Прекрасно, когда в человеке развиваются его многогранные способности. Но каждый раз, когда это происходит ради умножения собственного успеха в обществе, в группе, в семье, это изначально превращается в свою противоположность.

Не существует красивой формы эгоизма. В любом обличье эгоизм безчеловечен по сути и этого нельзя, невозможно спрятать. Тем более в семье, где главный контролирующий механизм зависимости от людей и от своей нравственной природы — стыд перед людьми и перед собой — снимается и через то заглушается голос совести. Эгоизм разворачивается здесь в своем истинном виде.

Так невольно эгоист утверждает вокруг себя односторонность душевных движений. Здесь нет встречности, нет взаимообмена, через который только и достигается гармония в семье. Чувство этой гармонии есть чувство долга. Потребляя, непременно отдаю — и не могу иначе.

Особенную силу это чувство получает во взаимодавстве. Не могу не ответить. Я обязан этому человеку, потому что он для меня сделал то и то.

— Но он сделал тебе совсем немного.

— За это я обязан теперь ему всею своею жизнью.

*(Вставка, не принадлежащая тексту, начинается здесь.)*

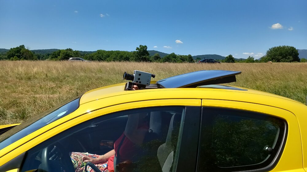 Zuerst machte ich heute einige Aufnahmen mit der Eumig 128XL, oft mit Selbstauslöser und PMA Vorsatz. Ohne Probleme. Nach ca 4m hab ich den Film dann in die Nizo156 XL mit UWL, die Kamera wiegt weniger und das Weitwinkel ist stärker. Damit machte ich dann zwei Szenen aus dem fahrenden Auto. Als ich dann am Urlaubsort noch einige Aufnahmen am Strand machen wollte, stellte sich heraus dass das Filmzählerk bei ca. 2m stehen bleibt. Also wieder Transportprobleme mit der 156 XL. Hab den Film jetzt in die Sankyo getan. Übrigens: der Wankel schnurrte 400 km wie ein Kätzchen, wenn man aber will wird er zur Raubkatze. Perfekt, ist ja auch ein Japaner☺️

Так чувствует взаимодавство. Чем оно глубже или больше, тем сильнее человек чувствует себя обязанным другому. Одно только взаимодавство уже является надежным гарантом семьи, даже там, где оно проявляется в одном из супругов. Со стороны будет невозможно понять, почему жена при ужасной несхожести с нею характера мужа, его эгоизме, самодурстве, пьянстве, не оставит его, не ради его перемены остается с ним, но остается преданной и верной его женой по какой-то глубокой своей нравственной природе. И эта «какая-то» глубина природы и есть чувство взаимодавства. К сожалению, в мужчинах это чувство порушено особенно сильно.

Там, где нет взаимодавства, там односторонность движения. А она разрушительна. Высшие способности человека — бережность, доверие, безкорыстие — под тяжестью потребления гаснут и теряются. Все остальные способности — творческие, умственные, музыкальные, художественные — оттеняются мрачными красками и из года в год в незаметных для человека трансформациях ведут к равнодушию, рационализму и отчужденности в отношениях с близкими, друзьями, товарищами. Появляется красота — холодная, труд — бездушный, общение — расчетливое.

Вернуть в себе человеческое, пробудить высшие способности возможно единственным образом — развернуться к тем, кто рядом. Тогда семья становится самым тонким и самым действенным инструментом в этом движении.

Любовь к другому всегда конкретна, потому что обращена к нему через заботу — через труд. Может быть, поэтому в доме, где царит атмосфера любви и преданности другому, вся обстановка, все стены и пол дышат этим. Уют не ради уюта, чистота не ради чистоты — всё ради тех, для кого создаются и уют, и чистота. Это «ради» и наполняет дом душой, оживляя его. Холодный блеск, холодная чистота и порядок мертвы и чопорны. Но порядок, напоенный любовью, несет в себе тепло человеческого прикосновения. В этом секрет тех домов и квартир, в которых нам приятно бывает гостить, просто быть, сидеть в их обстановке, не отдавая себе отчета, почему и чем приносят они душе покой и мир.

Может быть, это покажется странным, но именно чувство долга есть одно из высоких проявлений любви к другому. Не страстной устремленности за наслаждениями, которые человек получает через другого, а верности и самоотдачи ему.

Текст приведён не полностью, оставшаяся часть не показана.